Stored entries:
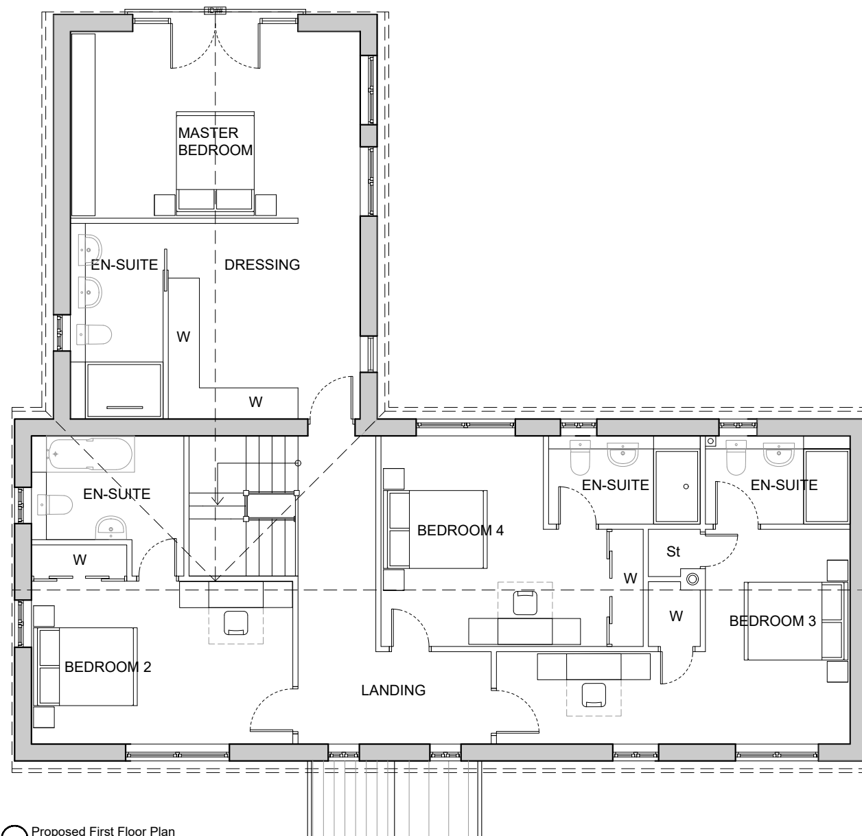
Proposed First Floor Plan 1:100 @ A3
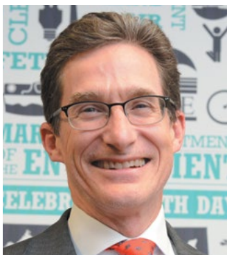
Ben Grumbles SECRETARY OF THE ENVIRONMENT
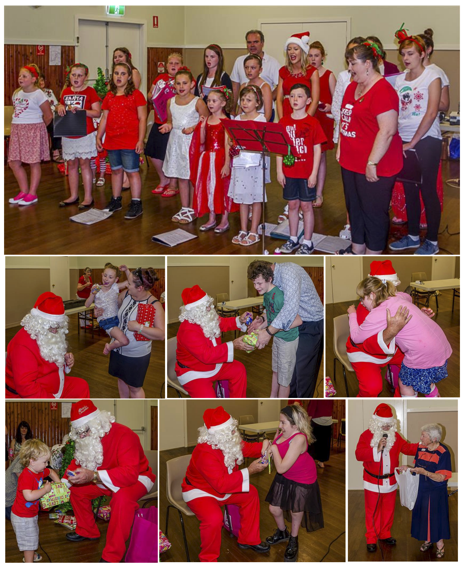
What a fantastic Christmas Party to see the joy on the faces of these very special children. The choir is a real plus every year and there are always so many special moments to capture. Thanks again to our Santa who brings out the smiles on the children's faces. We have so many photos from each year and they may prove to be quite valuable to theses children when they are a bit older and they have a record of their younger days, to look back over. Maybe one year we could present a small album to the group of the previous years Christmas parties.
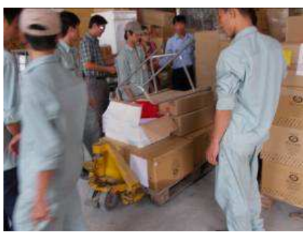
Photo 8: C. Our Apprentices (1st year), a man and a woman from the Health Ministry Dong Nai province. Neighboring province of Saigon have everything well organized.
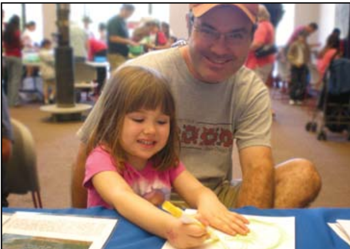
Father and daughter enjoyed Green Day, sponsored by Union Bank of California.
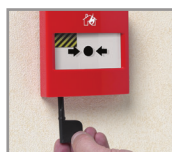
Step 3: To reset a simple key is inserted into the bottom of the call point.
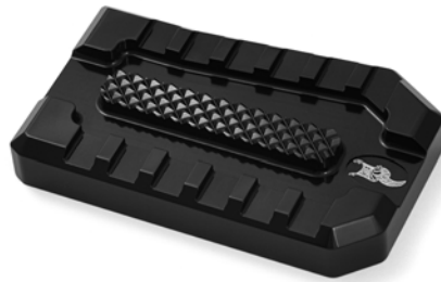
Next Level Brake Pedal Black, Touring
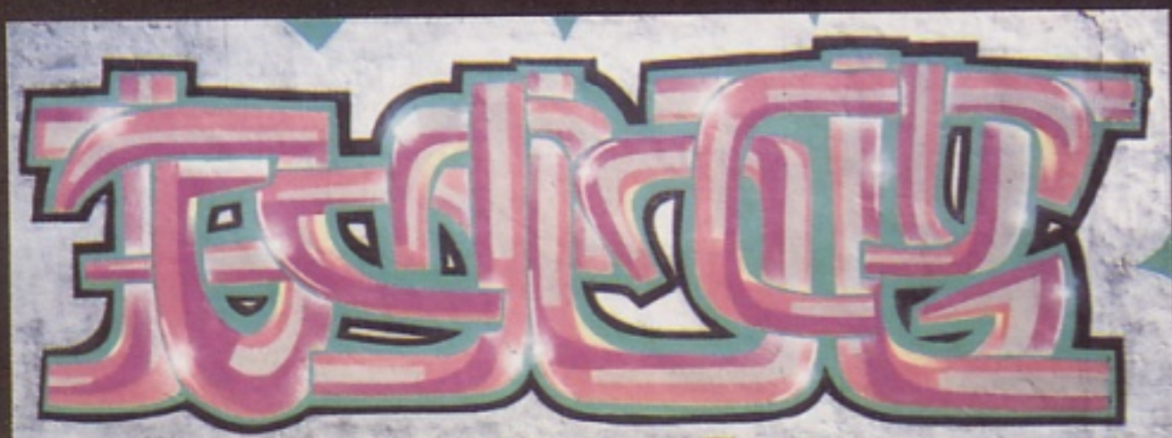
Moe Philadelphia, PA.

Directions for this task: Could you output exactly the lines above, from the line with "What a fantastic" up to and including the line with "Photo 8: C.", and nothing else, skipping the pictures?

Solution to this problem:
What a fantastic Christmas Party to see the joy on the faces of these very special children. The choir is a real plus every year and there are always so many special moments to capture. Thanks again to our Santa who brings out the smiles on the children's faces. We have so many photos from each year and they may prove to be quite valuable to theses children when they are a bit older and they have a record of their younger days, to look back over. Maybe one year we could present a small album to the group of the previous years Christmas parties.
Photo 8: C. Our Apprentices (1st year), a man and a woman from the Health Ministry Dong Nai province. Neighboring province of Saigon have everything well organized.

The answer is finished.